Viel herrlicher Stoff und die Jury sind die Zuschauer-Kinder. Der Siegerfilm wurde gekürt: „Rapunzel und die Rückkehr der Falken“, eine deutsche, mehrfach prämierte Produktion von 2023. In Workshops mit Märchen nahen Themen konnten sich Kinder dann selbst kreativ einbringen. Musikalischer Höhepunkt war die GALA mit der Erzgebirgischen Philharmonie Aue am 22. August p.a.. Dramatische, amerikanisch-lastige Filmmusiken, die allerdings hohe Ansprüche an das exzellent aufgestellte Orchester stellten, standen im Fokus.
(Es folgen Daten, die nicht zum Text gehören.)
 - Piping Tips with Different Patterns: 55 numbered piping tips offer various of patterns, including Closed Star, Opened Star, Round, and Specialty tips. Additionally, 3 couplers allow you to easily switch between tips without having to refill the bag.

Mit wunderbarem Glanz brillierten die Solo-Violin- und -Cello-Solisten des Orchesters bei den Opernarien. Unter der Stabführung des sehr jungen Dirigenten Maximilian Haberstock gelang ein wunderbare Atmosphäre vielfältiger, moderner Film-Klänge. Nur die erzgebirgischen Kälte der Nacht hinderte den Zauber etwas. Zur Begrüßung betonte OB Rolf Schmidt noch einmal mit Stolz und Freude, dass es vor 10 Jahren mit der Festivalidee begann und soviel Kraft und Engagement nicht erwarten ließ wie es heute hier umgesetzt wurde, zum 4. Mal. Dazu gelang es mit Sponsoren, die städtische Kasse nicht zu belasten. Aus dem Hintergrund erfuhr man von ca. 420.000 Euro, plus Sach- und Personalleistungen an Wertstellung für dieses unnachahmliche Kulturevent.
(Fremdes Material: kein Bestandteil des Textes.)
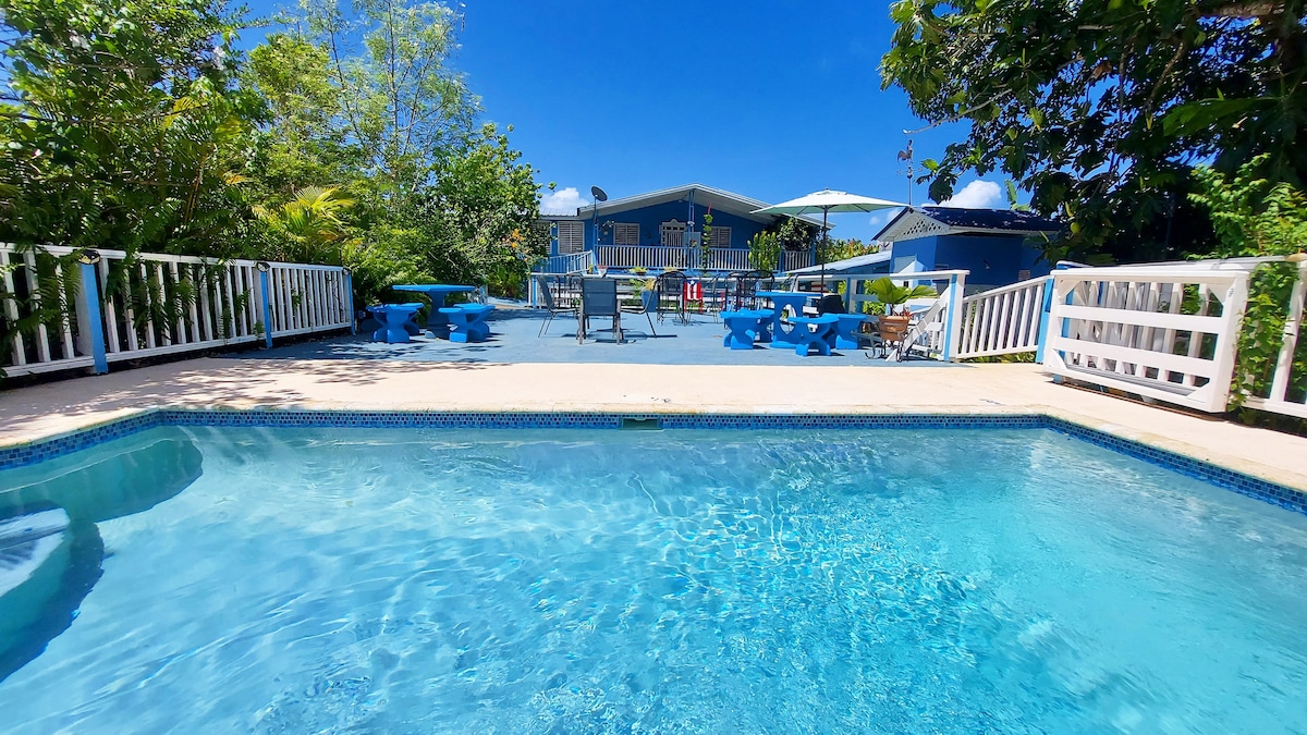 Bienvenidos a La Casa Azul B&B. Nuestra Casona está ubicada en la costa oeste de Puerto Rico; entre los pueblos de Aguada y Rincón. Esta es una de las cinco acogedoras habitaciones privadas de nuestra hospedería. Disfrutaras con nosotros de nuestra piscina, desayuno local incluido, bosque privado y nuestro cultivo de cacao donde damos el Cacao Tour. A solo minutos encontrarás las mejores playas y atractivos turísticos de la región. Queremos que vivas a lo Boricua!

Dadurch war es auch möglich, tolle Solisten zu engagieren: So die Musicalsängerin Jessica Schaffler u.a. als Arielle, den Operntenor Ricardo Marinello mit der Arie des Prinzen aus „Turandot“ und dem neuen „Gott“ aus Tschechien, Nikolas Put, der nicht nur mit der „Biene Maja“ strahlte und hier seinen ersten Auftritt überhaupt in Deutschland hatte. Der Abend ehrte aber auch eine außerordentliche Produzentin für ihr Lebenswerk mit dem Fabulix-Filmpreis: Uschi Reich steht für Produktionen wie „Das fliegende Klassenzimmer“, „Bibi Blocksberg“, „Der Froschkönig“, „Die Sterntaler“, „Dornröschen“. Meira Durand, eine der Hauptdarstellerinnen in Reich-Filmen laudatierte mit reichen Elogen ihre Mentorin. Durchs Programm führte temperamentvoll und legèr BEN vom mdr, nur die Basecap war ein bissel zu wenig elegant für den Abend; vielleicht das nächste Mal mit Harry-Porter-Hut?! Aber Annaberg-Buchholz ist eine Märchenstadt mit fabulix (und auch ohne).